**GOAL OF THE EXERCISE**
The copy you return must match the listing word for word and carry no pictures.

**SUPPLIED INFORMATION**
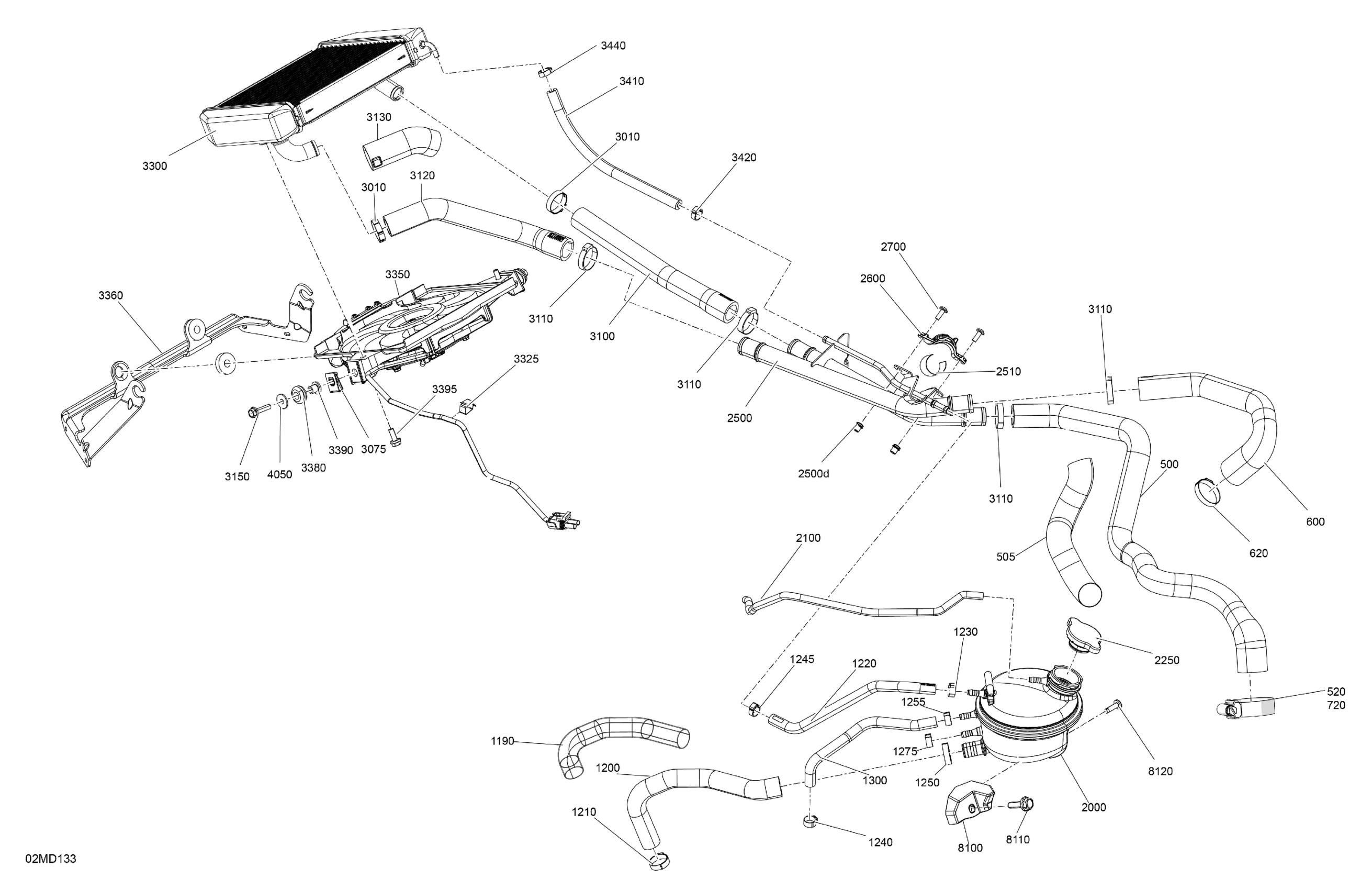 Ski-Doo North America - EXPEDITION 600R E-TEC - LE - AMRA - Deep Black - 154X24X1.5CST Track, 2024 02- Engine - Cooling Diagram
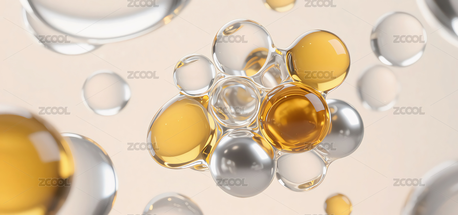 水分子,精华液,黄金,透明,水珠,晶莹剔透,背景,美妆,护肤,渐变
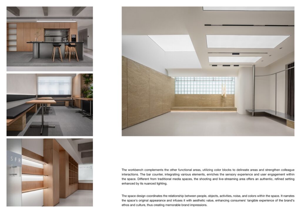 The workbench complements the other functional areas, utilizing color blocks to delineate areas and strengthen colleague interactions. The bar counter, integrating various elements, enriches the sensory experience and user engagement within the space. Different from traditional media spaces, the shooting and live-streaming area offers an authentic, refined setting enhanced by its nuanced lighting.
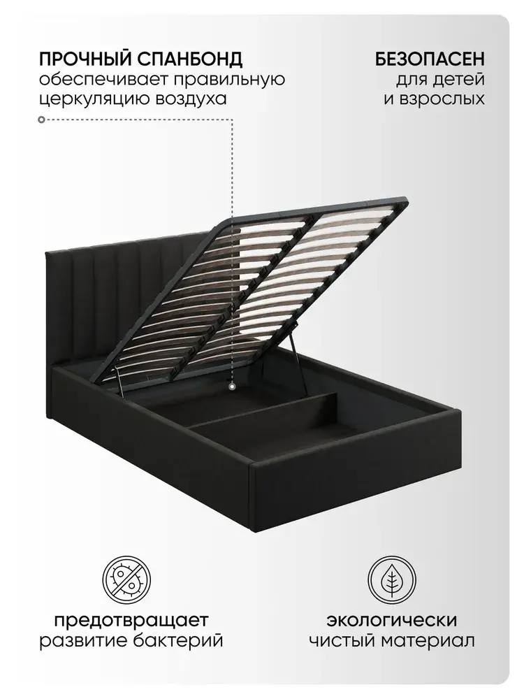 Подкроватное пространство закрыто противопыльным матерчатым коробом из плотного Спанбонда и служит для постельного белья и прочих принадлежностей. Спанбонд - это экологически чистый, 100% полипропиленовый нетканый материал, устойчив к сминанию и стиранию, устойчив к воздействию кислот и щелочей, имеет низкое водовпитывание, не гниёт и не плесневеет, что способствует его длительному использованию.

**RESULT OF THE EXERCISE**
 Ski-Doo North America - EXPEDITION 600R E-TEC - LE - AMRA - Deep Black - 154X24X1.5CST Track, 2024 02- Engine - Cooling Diagram
 水分子,精华液,黄金,透明,水珠,晶莹剔透,背景,美妆,护肤,渐变
 The workbench complements the other functional areas, utilizing color blocks to delineate areas and strengthen colleague interactions. The bar counter, integrating various elements, enriches the sensory experience and user engagement within the space. Different from traditional media spaces, the shooting and live-streaming area offers an authentic, refined setting enhanced by its nuanced lighting.
 Подкроватное пространство закрыто противопыльным матерчатым коробом из плотного Спанбонда и служит для постельного белья и прочих принадлежностей. Спанбонд - это экологически чистый, 100% полипропиленовый нетканый материал, устойчив к сминанию и стиранию, устойчив к воздействию кислот и щелочей, имеет низкое водовпитывание, не гниёт и не плесневеет, что способствует его длительному использованию.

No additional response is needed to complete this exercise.